WHAT YOU WILL DO —
Below are entries; repeat exactly, and nothing else, the lines from the one holding "號,如圖 13 所示。" through the one holding "Ein privater Pool", inclusive. Leave the pictures out.
*** INPUT FOR THIS TASK Section Begins ***
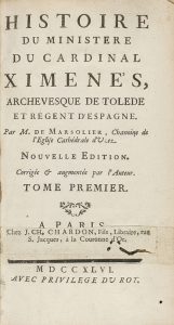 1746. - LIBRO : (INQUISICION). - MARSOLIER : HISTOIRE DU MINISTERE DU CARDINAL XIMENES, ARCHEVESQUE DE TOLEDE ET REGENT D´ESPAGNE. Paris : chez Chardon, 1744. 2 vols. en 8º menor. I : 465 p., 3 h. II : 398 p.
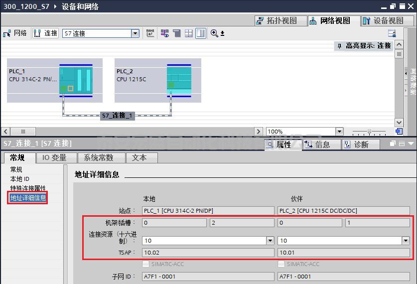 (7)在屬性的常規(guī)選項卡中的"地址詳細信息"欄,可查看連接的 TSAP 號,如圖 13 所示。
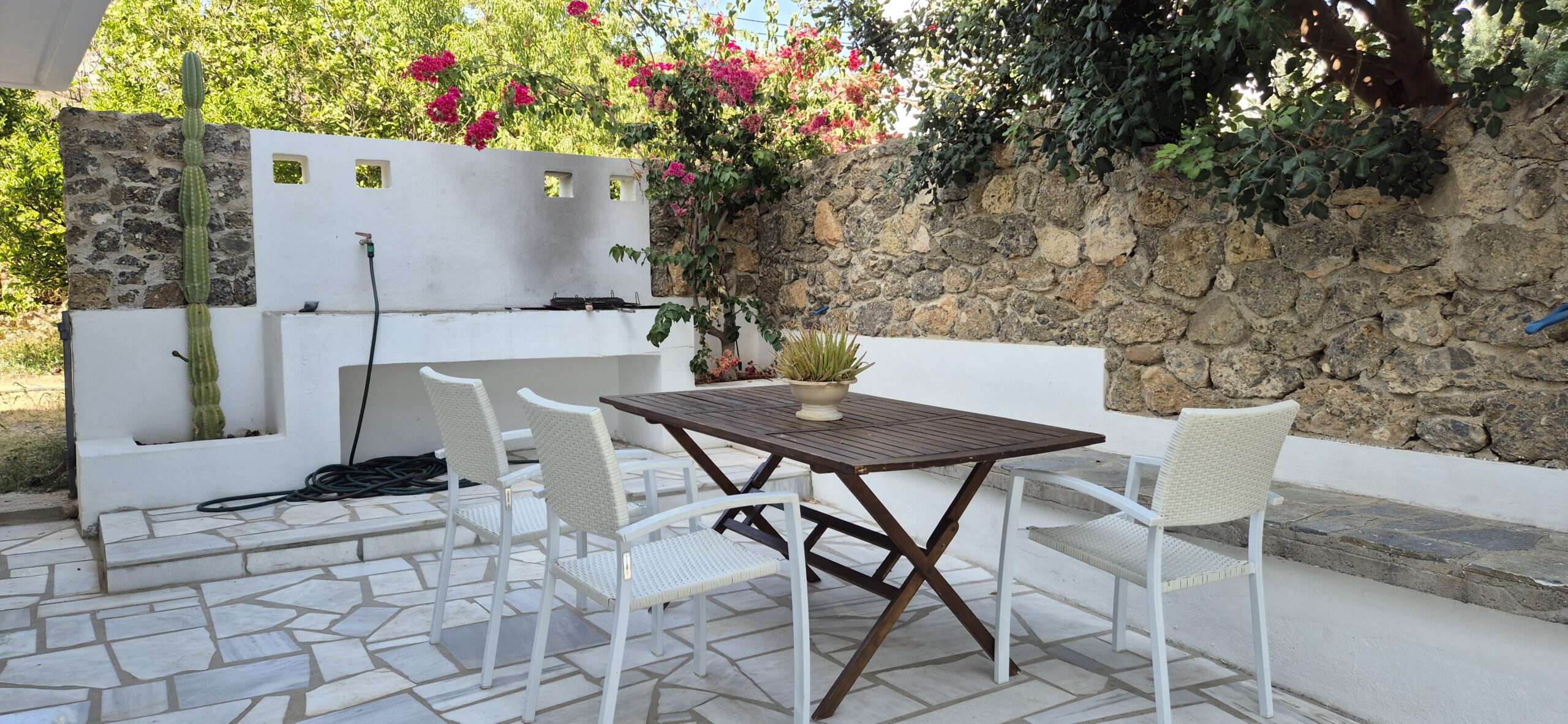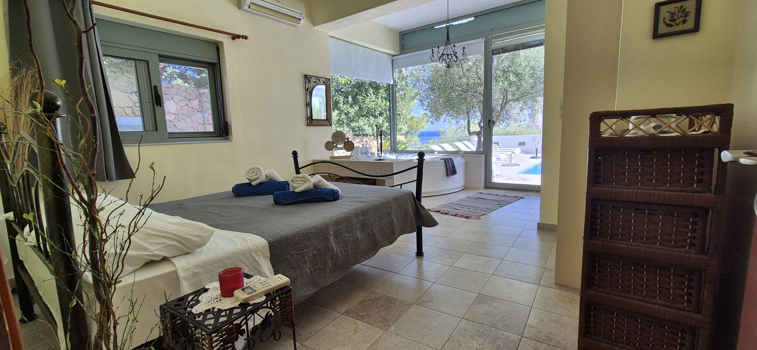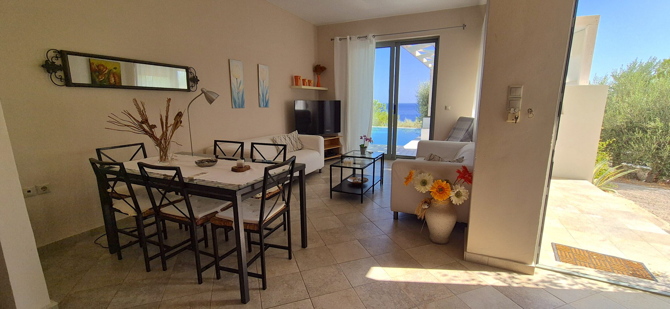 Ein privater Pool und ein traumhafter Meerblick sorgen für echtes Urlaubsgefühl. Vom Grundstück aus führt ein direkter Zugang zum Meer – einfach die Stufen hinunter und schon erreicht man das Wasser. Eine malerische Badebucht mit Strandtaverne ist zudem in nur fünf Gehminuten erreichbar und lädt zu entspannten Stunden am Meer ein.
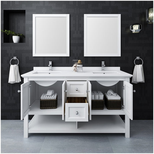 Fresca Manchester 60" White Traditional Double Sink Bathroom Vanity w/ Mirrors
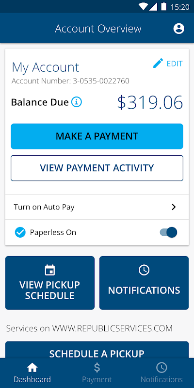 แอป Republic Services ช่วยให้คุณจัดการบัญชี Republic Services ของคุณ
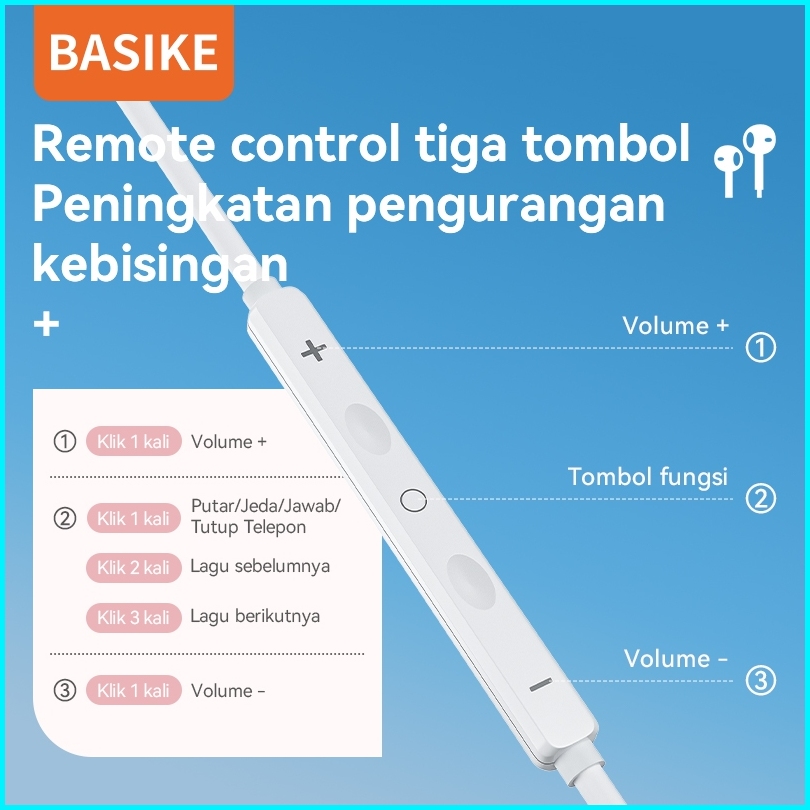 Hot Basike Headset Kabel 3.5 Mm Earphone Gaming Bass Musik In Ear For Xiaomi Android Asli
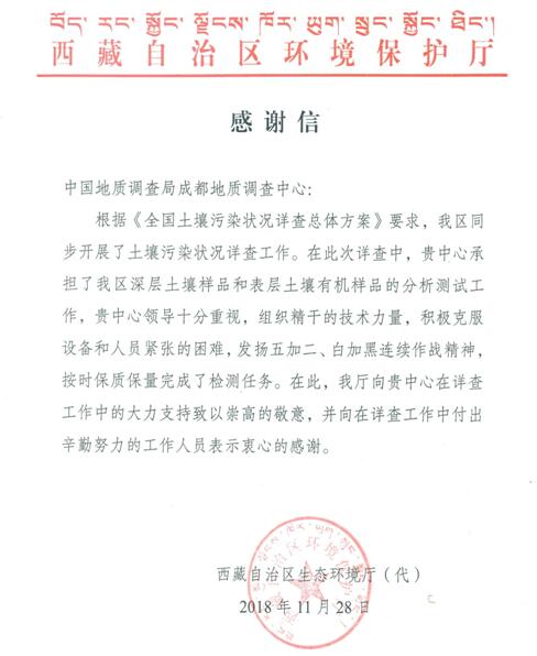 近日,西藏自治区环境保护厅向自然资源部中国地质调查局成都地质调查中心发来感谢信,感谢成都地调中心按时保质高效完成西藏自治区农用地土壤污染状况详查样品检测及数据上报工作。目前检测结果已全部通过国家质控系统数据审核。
*** INPUT FOR THIS TASK Section Ends ***
THE COMPLETED TASK —
 (7)在屬性的常規(guī)選項卡中的"地址詳細信息"欄,可查看連接的 TSAP 號,如圖 13 所示。
 Ein privater Pool und ein traumhafter Meerblick sorgen für echtes Urlaubsgefühl. Vom Grundstück aus führt ein direkter Zugang zum Meer – einfach die Stufen hinunter und schon erreicht man das Wasser. Eine malerische Badebucht mit Strandtaverne ist zudem in nur fünf Gehminuten erreichbar und lädt zu entspannten Stunden am Meer ein.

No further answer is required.